Он протянул мне свою руку.
— Матвей,— ответил я.
— Что ж,— вздохнул он,— мне пора. Город у нас небольшой, может ещё и встретимся где-нибудь. Удачи.
— До свиданья.
Я бы не придал этой мимолётной встрече внимания, если бы мне не пришлось встретиться с этим Михаилом ещё раз. В тот день я немного прогулялся по осеннему городу и вернулся домой.
3
Спустя каких-то две недели я зашёл в парикмахерскую и буквально наткнулся на Михаила.
— Послушайте, перестаньте меня преследовать! — серьёзно сказал он.
— Да я и не думал...— сконфуженно пробормотал я.
— Ладно-ладно, шучу! — улыбка озарила его весёлое лицо и он пожал мою руку,— Будете за мной...
— Добро!
Мы на минуту замолчали. Мне хотелось сказать ему что-нибудь отвлечённое и я небрежно выпалил:
— Ну как, не обрели ещё веру?
— Помилуйте,— удивлённо произнёс он,— вера очень сильно ограничивает личность. Я верю в себя, я верю в вас, мой друг, верю в осень, верю в это паршивое заведение, именуемое «Салоном».
Подошла его очередь заходить и он оставил меня. Он вышел довольно скоро и сказал:
— Ну, идите, я подожду вас.
Когда мы вышли на улицу, Михаил весело сказал:
— Знаете, вы отличный собеседник. Я приглашаю вас, Матвей, в кабак.

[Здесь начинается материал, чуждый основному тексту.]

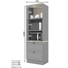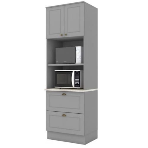Composto por 2 portas de bater com dobradicas metalicas, gavetas com corredicas telescopicas, prateleira interna, espacos para forno ou microondas, puxadores em metal, este armario e um modulo avulso da composicao Cozinha Modulada Americana e e ideal para compor sua cozinha como desejar.

Пойдёмте выпьем, я, надеюсь, вы не очень сегодня заняты?
— Нет.
— Вот и отлично, следуйте за мной.
Я охотно согласился, хотя не без некоторого сомнения, тем более в наше время всеобщей мнительности и подозрительности. Мы зашли в какое-то сомнительное заведение, бывшее некогда столовой, а ныне именуемое баром «Шизгара». Когда мы сели за столик, то Михаил спросил:
— Что вы предпочитаете?
Я заглянул в меню. От обилия незнакомых названий я немного опешил, и предложил:
— Может, водки?
— Отличный выбор! Официант! — сказал Михаил даже не открывая меню,— Будьте добры графинчик водочки, и что-нибудь на второе, желательно говядину. Если можно, квашеной капусты.
Официант ушёл.
— Мясо не рекомендуется употреблять без овощей.— продолжил он, повернувшись ко мне,— Кстати, никогда не заказывайте здесь первые блюда. Вкус бульона определённо дрянной...

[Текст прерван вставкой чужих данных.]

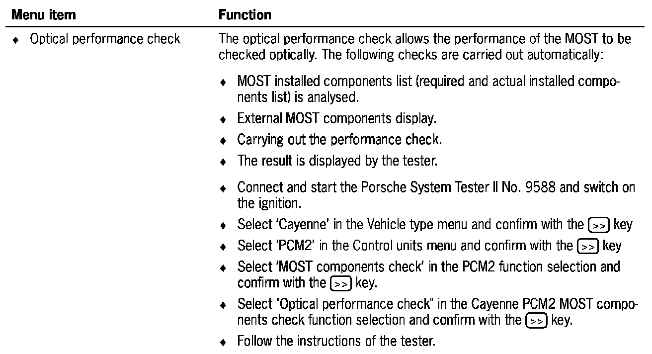 The MOST component check can be reached via the menu PCM2 function selection. This comprises a summary of the following check processes:

Я улыбнулся. Нам принесли закуску с одноразовыми приборами и какую-то колбу с водкой. Видимо, это и был «графинчик». Михаил поднял стаканчик с водкой и торжественно произнёс:
— Предлагаю выпить за встречу!
— Поддерживаю! — сказал я и опрокинул пластмассовый стаканчик, сделанный в виде рюмочки. Горькая жидкость обожгла горло и провалилась внутрь. Я выдохнул и закусил.

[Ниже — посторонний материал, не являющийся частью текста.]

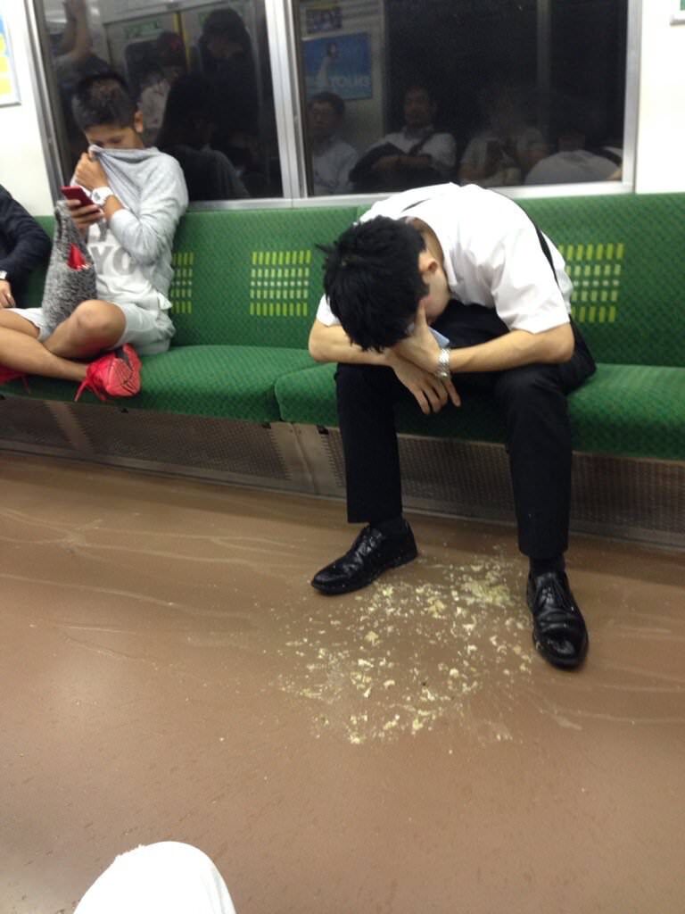 電車内でゲロ吐いて連れに「あーすっきりした」って言ってた女なら見たことある
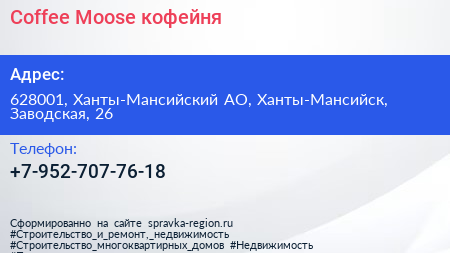 Coffee Moose, кофейня по адресу 628001, Ханты-Мансийский АО, Ханты-Мансийск, Заводская, 26 в дальнейшем Организация, размещена в следующих категориях:

— Что, не пошла? — спросил Михаил.
— Я её заставил,— отшутился я.
— Спиртное, к сожалению, здесь тоже не лучшего качества, хотя заметьте, я заказал не самое дешёвое. Но качество продуктов зависит ещё и от посетителей. К нам это не относится, но это помещение, в основном, посещают люди связанные с торговлей — продавцы, поставщики и даже грузчики. В общем, гадкий контингент. Всё это потому, что неподалёку находится базар. Вы знаете, что торговля портит человека и увечит его нравственность?
— Не обращал внимания.
— Но это факт! Я заметил, что в присутствии торгашей мне часто не по себе. Эта их манера разговаривать, общаться, вести себя. Их порок — жадность. У этих людей даже муха не пролетит мимо без абонемента. Неудивительно, что я долго не могу находиться на рынке — у меня кружится голова. Зайдите, к примеру, в любой нормальный магазин одежды или продовольствия. Совсем другое дело! Я уже молчу про книжный магазин — отдохновенье для души!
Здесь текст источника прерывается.